12. Any such 'route' to establishing a right to permanent residence would likely turn on the circumstances at the time of the Appellant's mother's divorce in July 2009: see regulation 10(6)(a). No evidence has been filed in this regard and the witness statements before the First-tier Tribunal do not expressly address this matter.


13. Given the declaratory nature of EEA decisions, in my judgement on the facts of this particular case it is not appropriate to exclude exploration of this matter in re-making the decision in the appeal because it had not previously been advanced or because the EEA ground of appeal had previously been conceded on behalf of the Appellant. Little is achieved by relying on procedural estoppel if the Appellant has in fact acquired substantive rights that are not contingent upon appellate procedures.


14. In all of the circumstances, whilst it is unlikely given the available evidence and the First-tier Tribunal's findings at paragraphs 13-18 that it will be necessary to hear much further by way of evidence in relation to either or both paragraph 276ADE(vi) and Article 8, it is appropriate that the Appellant be afforded an opportunity of filing further evidence in relation to the issue of retained right of residence, and for such a matter to be explored through oral evidence at a resumed hearing. Whilst at this stage, I do not seek to confine the scope of the rehearing, given that the scope of any further consideration is likely to be narrow it is not necessary to remit this matter to the First-tier Tribunal for rehearing afresh: the matter is retained in the Upper Tribunal and reserved to me.


15. At the conclusion of the hearing I indicated that the Appellant should file any further evidence upon which he wished to rely, including evidence in respect of his employment in 2009 with a view to exploration of regulation 10(5).
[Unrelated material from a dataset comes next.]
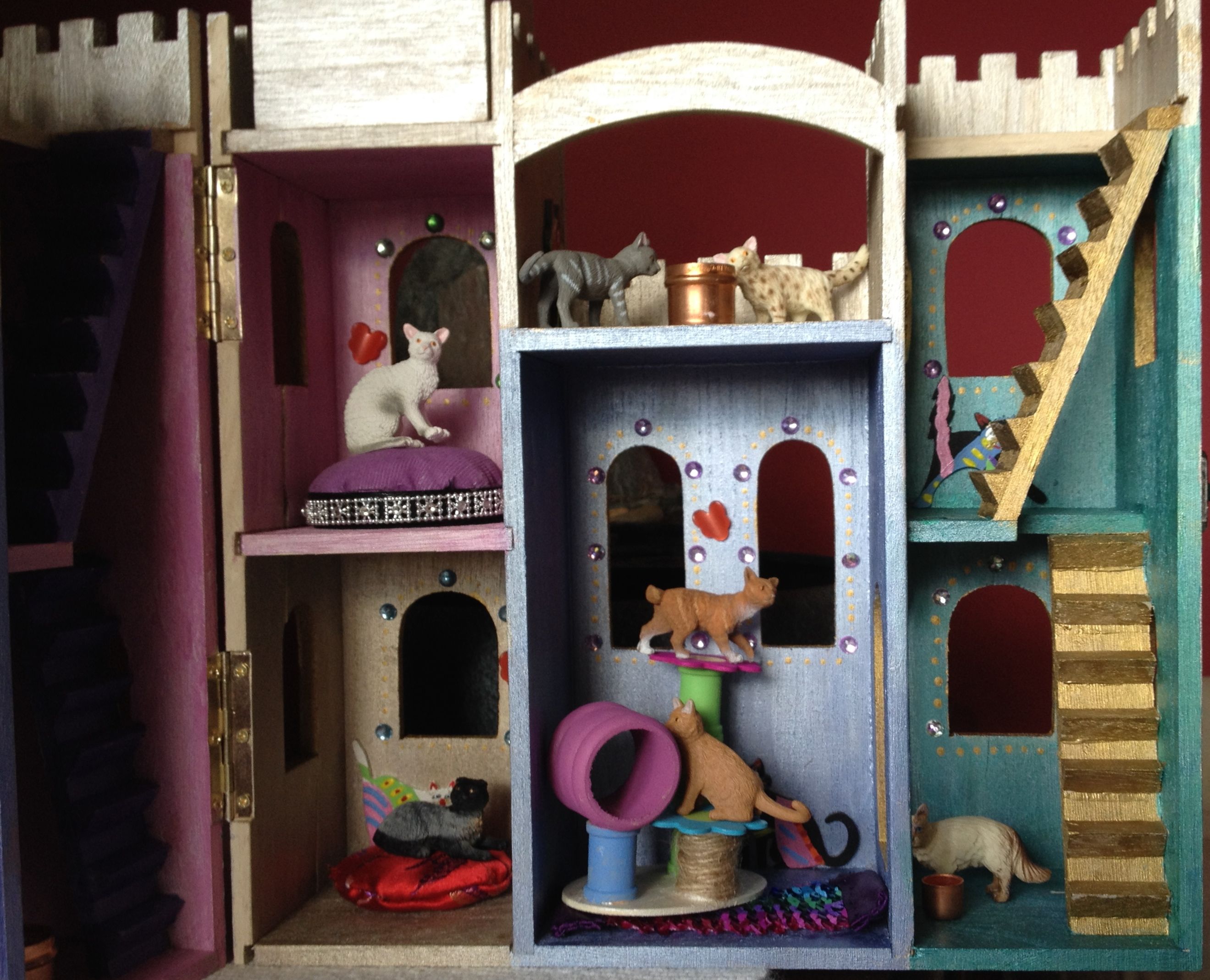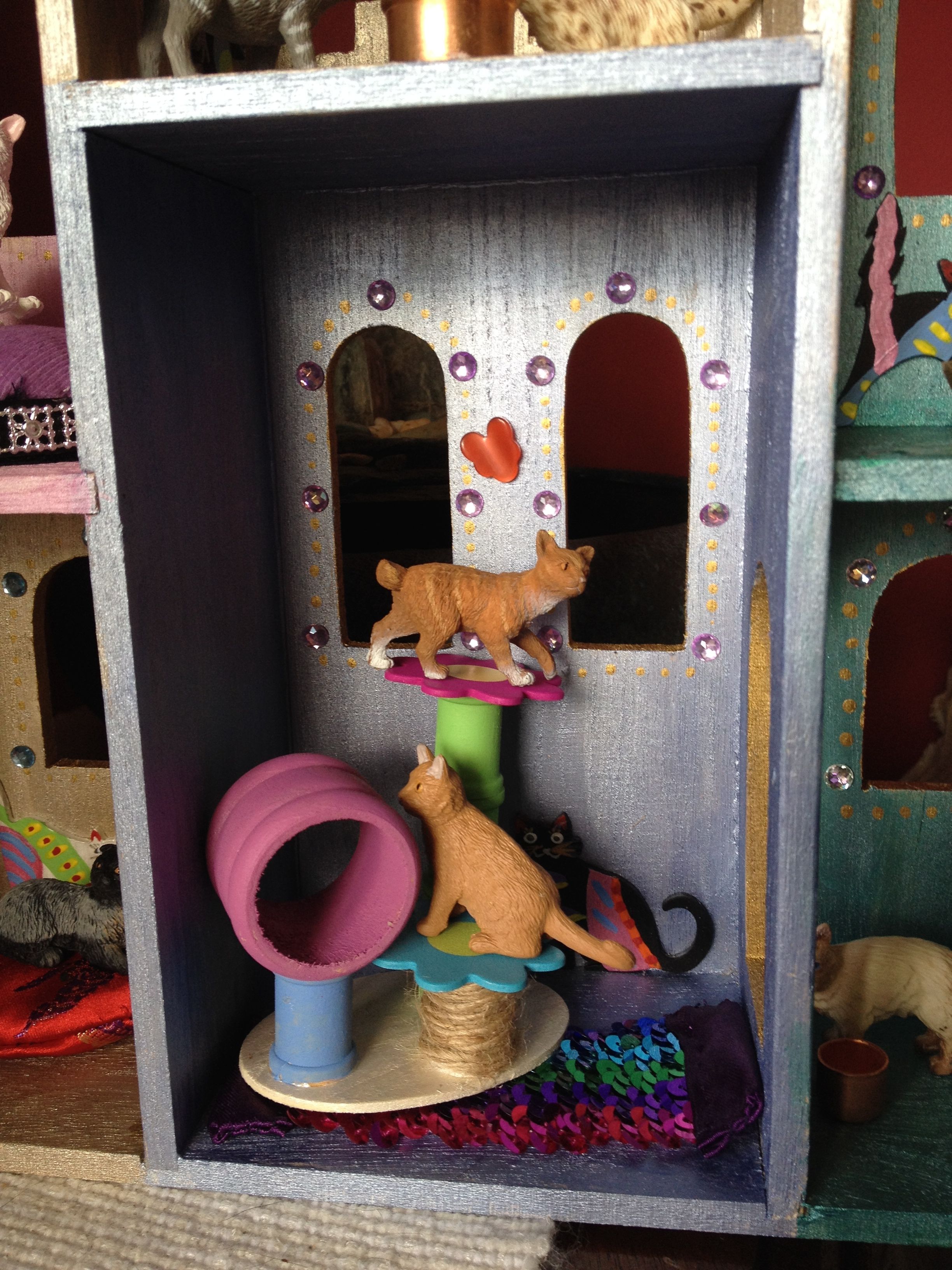 Recently, another friend and I built a cat castle. Really. It started as a plain wooden castle I thought might be fun for some of my favorite children. But as my friend and I talked and laughed, and I painted, somehow our joint love of cats and the joy of the moment brought the idea of a castle just for cats. Eventually the castle was decorated with multicolor rooms and bejeweled windows (it is a castle, after all!). And then it needed furniture. What would cats have in a castle? Velour cat beds made from peanut butter lids, no doubt, shiny bowls made from plumbing pieces, and a hand-crafted miniature cat tree.

I also indicated that insofar as Article 8 was relied upon, I would expect submissions from both parties on all relevant matters including sections 117A-117D of the Nationality, Immigration and Asylum Act 2002.


Notice of Decision

16. The decision of the First-tier Tribunal Judge involved a material error of law and is set aside.


17. The decision in the appeal is to be remade before the Upper Tribunal, reserved to me.